EXERCISE GOAL:
Please set down the data word for word; images do not go in the copy.

(Data entries)
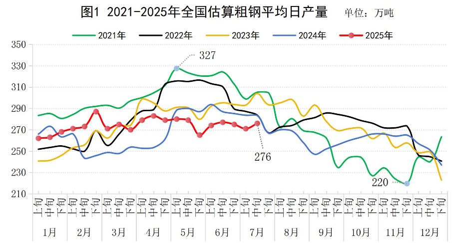 7月23日中钢协发布报告显示7月中旬,重点统计钢铁企业共生产粗钢2141万吨,平均日产214.1万吨,日产环比增长2.1%;生铁1944万吨,平均日产194.4万吨,日产环比增长0.6%;钢材2080万吨,平均日产208.0万吨,日产环比增长4.6%。据此估算,本旬全国日产粗钢276万吨、环比增长2.1%(见图1),日产生铁237万吨、环比增长0.6%,日产钢材419万吨、环比增长2.3%。
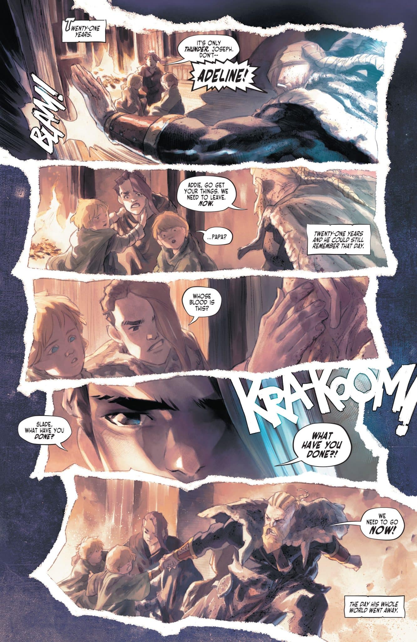 In this new series, the snows fall thick, blood runs black, and color itself is only a distant memory. The legendary assassin Deathstroke stalks a frozen wasteland, killing for coin among a nation of ever-warring jarls. But when our murderer for hire finds himself cast in the role of reluctant guardian, will he fight to end the icy curse destroying his land, or be consumed by the sins of his own dark past?
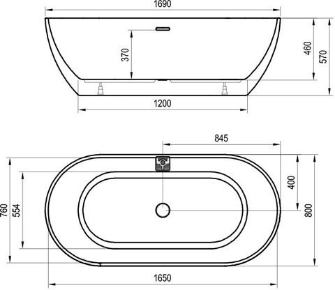 Ванна FREEDOM 1690х800 белая отдельностоящая (включает слив)
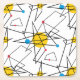 Black linear angles and circles in primary colors of red, yellow and blue make up this contemporary retro pattern reminiscent of Mid Century Modern design and the Atomic Age of the 1950's and 1960's.
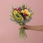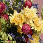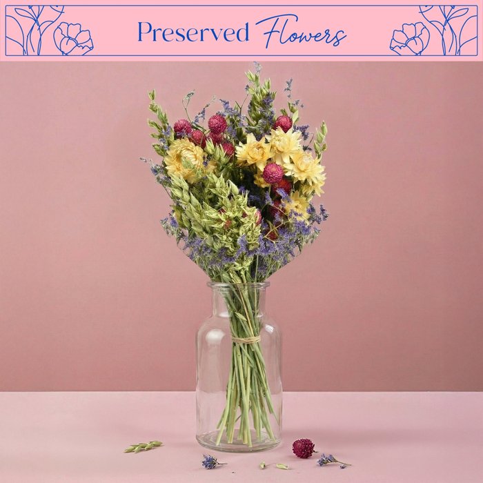 Radiating with meadow charm, this nature-inspired bunch blends natural green avena, limonium natural purple, gomphrena natural purple and white helichrysum for a soft, uplifting look that lasts beautifully with zero fuss.
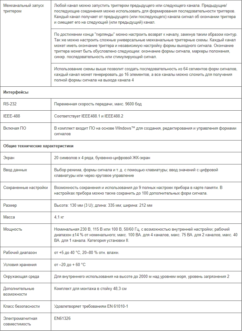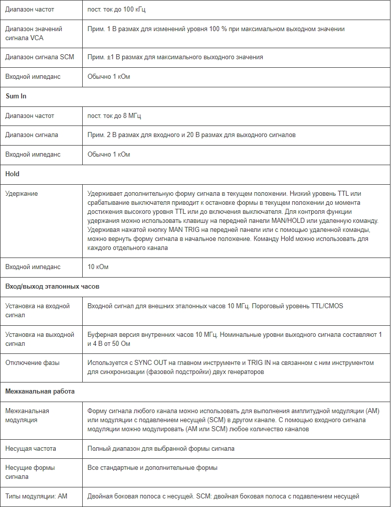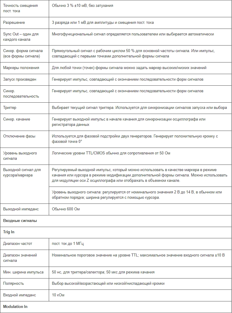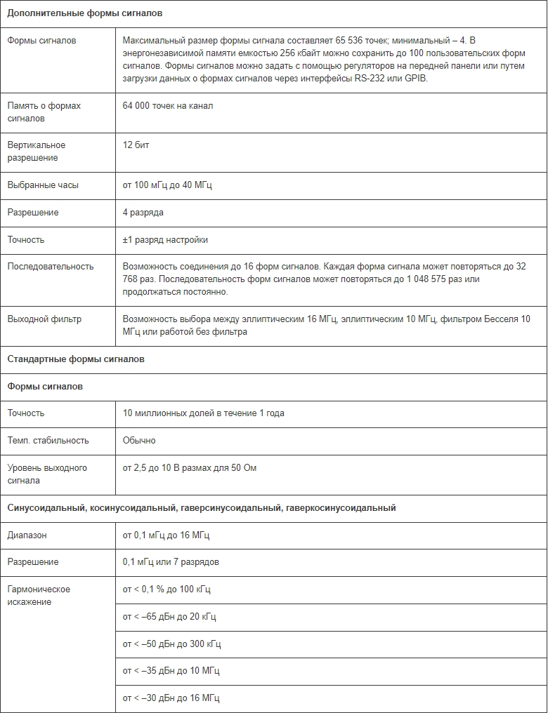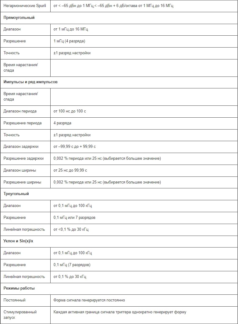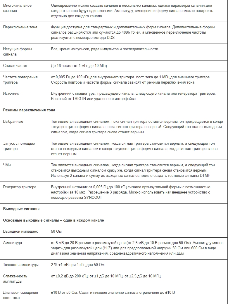 Стандартные формы сигналов: синусоидальная, прямоугольная, треугольная, пост. ток, положительный и отрицательный уклон, кардинальный синус, импульс, ряд импульсов, косинусоидальная, гаверсинус и гаверкосинус. Диапазон выходной частоты составляет от 0,1 мГц до 16 МГц для синусоидального и прямоугольного сигналов и до 100 кГц для треугольного сигнала, уклонов и кардинального синуса sine(x)/x. Время подъема для импульса составляет

TASK OUTPUT:
 7月23日中钢协发布报告显示7月中旬,重点统计钢铁企业共生产粗钢2141万吨,平均日产214.1万吨,日产环比增长2.1%;生铁1944万吨,平均日产194.4万吨,日产环比增长0.6%;钢材2080万吨,平均日产208.0万吨,日产环比增长4.6%。据此估算,本旬全国日产粗钢276万吨、环比增长2.1%(见图1),日产生铁237万吨、环比增长0.6%,日产钢材419万吨、环比增长2.3%。
 In this new series, the snows fall thick, blood runs black, and color itself is only a distant memory. The legendary assassin Deathstroke stalks a frozen wasteland, killing for coin among a nation of ever-warring jarls. But when our murderer for hire finds himself cast in the role of reluctant guardian, will he fight to end the icy curse destroying his land, or be consumed by the sins of his own dark past?
 Ванна FREEDOM 1690х800 белая отдельностоящая (включает слив)
 Black linear angles and circles in primary colors of red, yellow and blue make up this contemporary retro pattern reminiscent of Mid Century Modern design and the Atomic Age of the 1950's and 1960's.
 Radiating with meadow charm, this nature-inspired bunch blends natural green avena, limonium natural purple, gomphrena natural purple and white helichrysum for a soft, uplifting look that lasts beautifully with zero fuss.
 Стандартные формы сигналов: синусоидальная, прямоугольная, треугольная, пост. ток, положительный и отрицательный уклон, кардинальный синус, импульс, ряд импульсов, косинусоидальная, гаверсинус и гаверкосинус. Диапазон выходной частоты составляет от 0,1 мГц до 16 МГц для синусоидального и прямоугольного сигналов и до 100 кГц для треугольного сигнала, уклонов и кардинального синуса sine(x)/x. Время подъема для импульса составляет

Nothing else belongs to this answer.